- Saved entries -
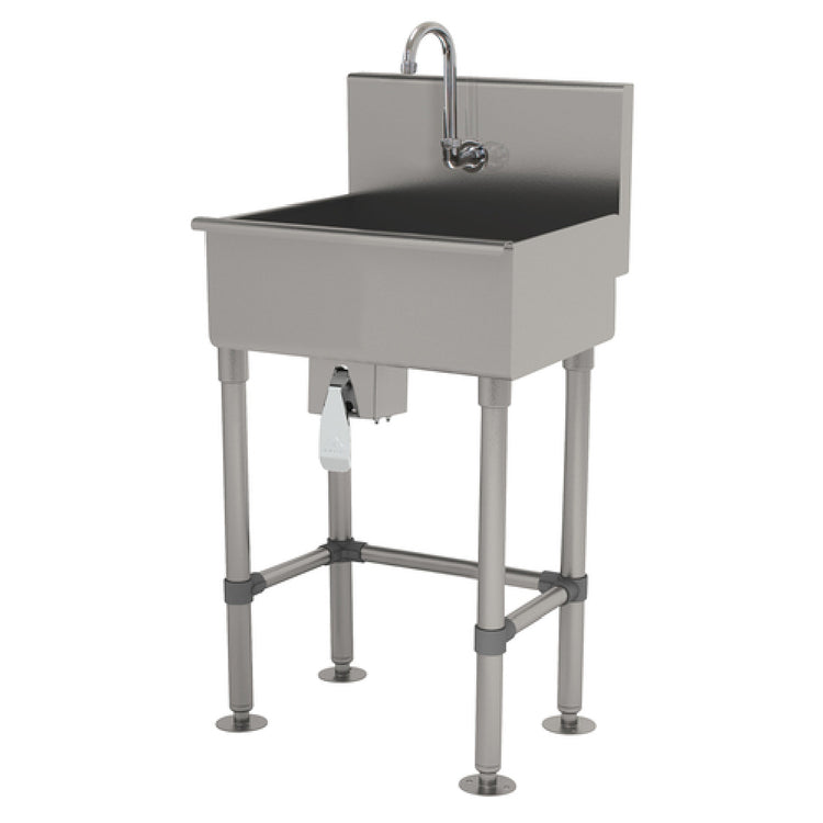 The Advance Tabco WSS-16-31FV-FM Service Sink Splash Mount Faucet Provision Floor Model is a meticulously designed utility fixture, ideal for commercial and industrial environments requiring robust and efficient service sinks. This floor model features a toe-operated push valve, providing hands-free operation that enhances hygiene and convenience. With dimensions of 31 inches wide, 16 inches front-to-back, and an overall height of 42-1/2 inches, this sink offers ample space for a variety of cleaning tasks. Its bowl depth of 12 inches and the inclusion of an 8-1/2 inch high backsplash ensures effective splash protection. The sink is equipped with a single faucet hole and a gooseneck spout, providing flexibility in water delivery options. Constructed from durable 16-gauge 304 stainless steel, it promises longevity and resistance to corrosion, crucial for demanding settings. Supporting the structure are stainless steel legs with flanged feet and a pedal bracket support, ensuring stability and ease of use. Additionally, it comes with a 3-1/2 inch basket drain, facilitating efficient wastewater management. This service sink is particularly suitable for sectors such as hospitality, healthcare, and maintenance, where high-performance cleaning stations are essential for operational efficiency and cleanliness.
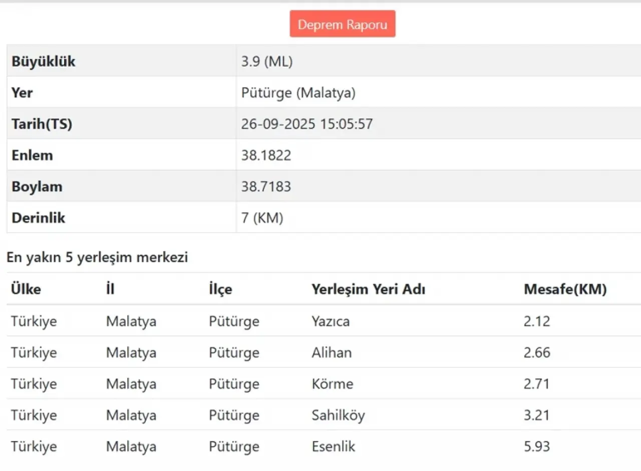 Malatya’nın Pütürge ilçesinde öğleden sonra meydana gelen deprem, şehir genelinde kısa süreli paniğe yol açtı. Afet ve Acil Durum Yönetimi Başkanlığı (AFAD) depremin büyüklüğünü 3.9, Kandilli Rasathanesi ise 4.0 olarak açıkladı. Deprem, Malatya merkez başta olmak üzere çevre ilçelerden de hissedildi.
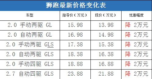 近日,編輯從北京地區(qū)綜合經(jīng)銷(xiāo)商處了解到,獅跑全系的現(xiàn)車(chē)充足,基本上可以滿足消費(fèi)者在春節(jié)期間的需求;目前購(gòu)車(chē)全系可以?xún)?yōu)惠2萬(wàn)元現(xiàn)金,性?xún)r(jià)比很不錯(cuò)。據(jù)經(jīng)銷(xiāo)商透露,消費(fèi)者要想以這個(gè)價(jià)格提車(chē),需要在店內(nèi)做購(gòu)車(chē)一條龍服務(wù),其中車(chē)輛四項(xiàng)基本保險(xiǎn)可以打8.5折(約合4500-6300元左右)。以下是獅跑最新價(jià)格變化表:
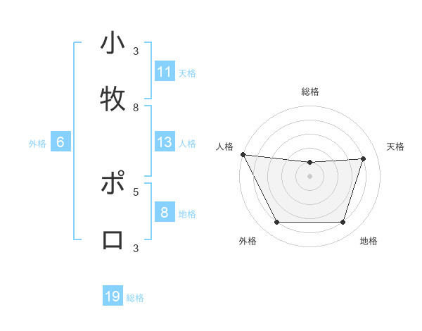 小牧 ポロさんの総格は19画の1点!
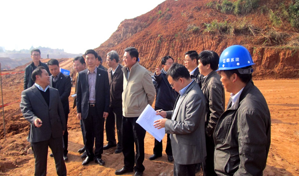 2013年11月20日,江西省萍鄉市市委書記陳衛民率市委、市經濟開發區、建設局等有關部門負責人來到我公司承建的萍鄉市城市防洪應急工程2標分洪河項目檢查指導工作。
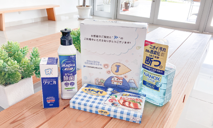 入居が決まったJIDご契約者さまや、家賃の支払いに不安を感じている入居者さまへのコンサルティング時に、生活支援としてノベルティBOXをお渡ししています。歯磨き粉や食器用洗剤、洗濯用洗剤など、生活に欠かせない日用品のセットです。
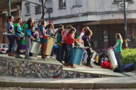 It carried out neighborhood interventions such as planting trees in memory of the disappeared detainees from the neighborhood during the last civic-military dictatorship in each of the five squares, placing bronze plaques at the base of the trees. He also intervened with mosaics on the central fountain, an activity in which people of all ages participated, and had numerous musical activations as it lasted for several months.
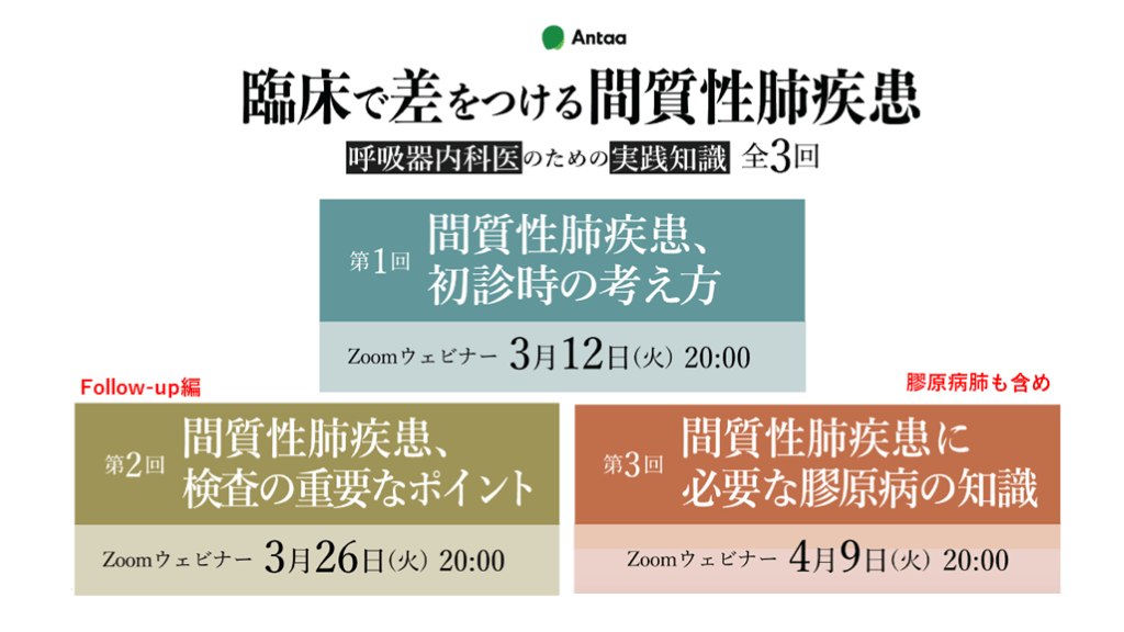 「間質性肺疾患」については、呼吸器内科専門であっても苦手意識のある医師も多い中、見逃すと致死的経過を辿る症例もあり、抗線維化薬の登場とあいまって、近年注目を集めている疾患です。
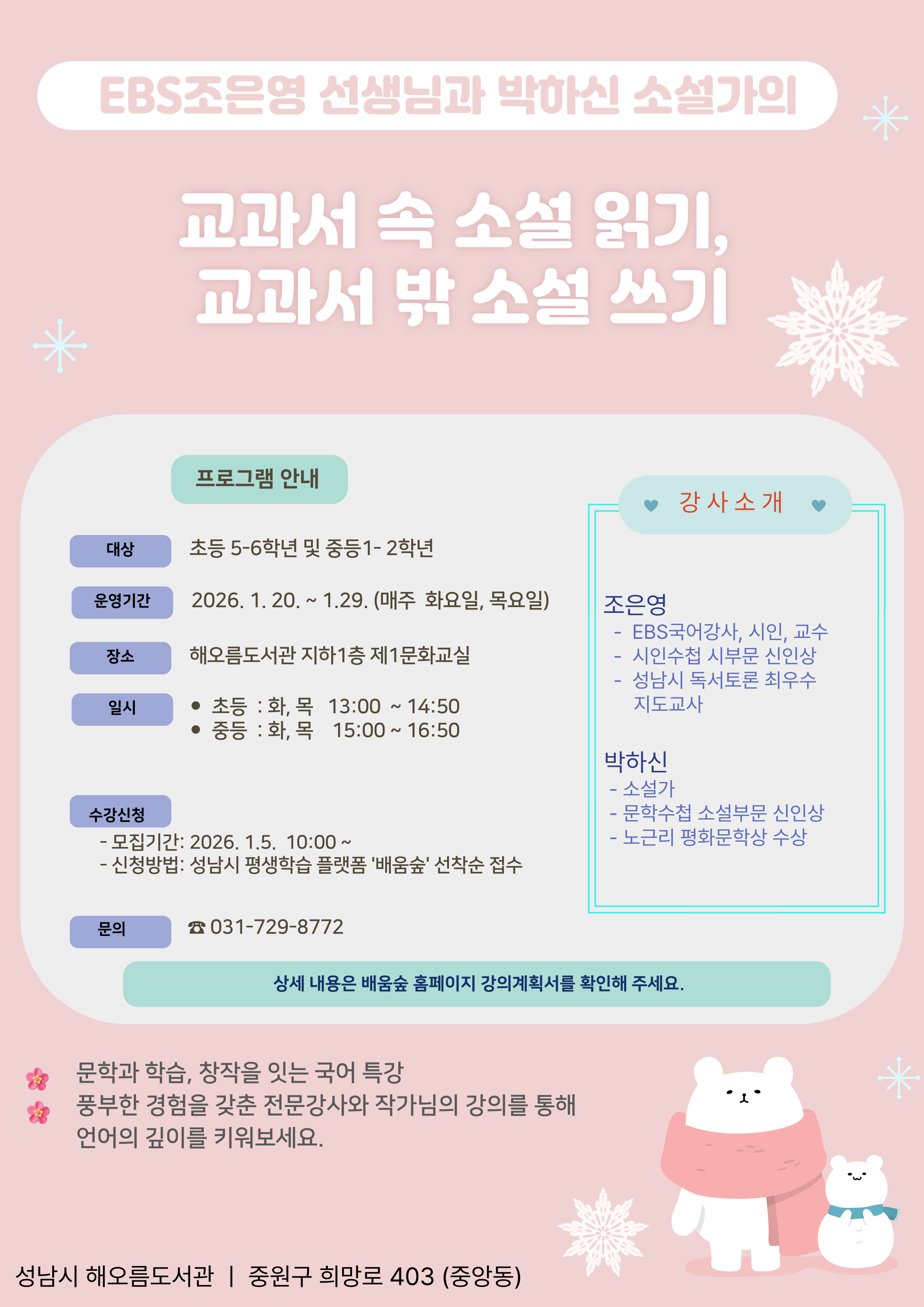 | 제목 | 2026년 해오름도서관 국어특강 『EBS 조은영 선생님과 박하신 소설가의 교과서 속 소서 읽기, 교과서 밖 소설 쓰기 』 수강생 모집 |
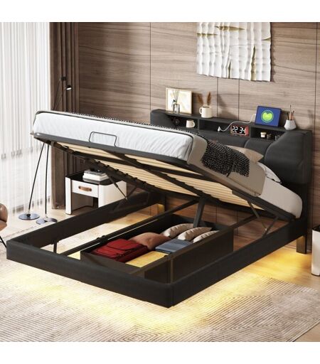 DANS LES NUAGES Lit coffre 140x190 cm, avec tête de lit rangement LED, chargement USB, rangement hydraulique, design suspendu, adapté aux adultes et adolescents

- YOUR GOAL -
Where the line containing "2013年11月20日,江西" appears above, start there and set down each line exactly through the last line of the data; leave out every picture.

- TASK RESPONSE -
 2013年11月20日,江西省萍鄉市市委書記陳衛民率市委、市經濟開發區、建設局等有關部門負責人來到我公司承建的萍鄉市城市防洪應急工程2標分洪河項目檢查指導工作。
 入居が決まったJIDご契約者さまや、家賃の支払いに不安を感じている入居者さまへのコンサルティング時に、生活支援としてノベルティBOXをお渡ししています。歯磨き粉や食器用洗剤、洗濯用洗剤など、生活に欠かせない日用品のセットです。
 It carried out neighborhood interventions such as planting trees in memory of the disappeared detainees from the neighborhood during the last civic-military dictatorship in each of the five squares, placing bronze plaques at the base of the trees. He also intervened with mosaics on the central fountain, an activity in which people of all ages participated, and had numerous musical activations as it lasted for several months.
 「間質性肺疾患」については、呼吸器内科専門であっても苦手意識のある医師も多い中、見逃すと致死的経過を辿る症例もあり、抗線維化薬の登場とあいまって、近年注目を集めている疾患です。
 | 제목 | 2026년 해오름도서관 국어특강 『EBS 조은영 선생님과 박하신 소설가의 교과서 속 소서 읽기, 교과서 밖 소설 쓰기 』 수강생 모집 |
 DANS LES NUAGES Lit coffre 140x190 cm, avec tête de lit rangement LED, chargement USB, rangement hydraulique, design suspendu, adapté aux adultes et adolescents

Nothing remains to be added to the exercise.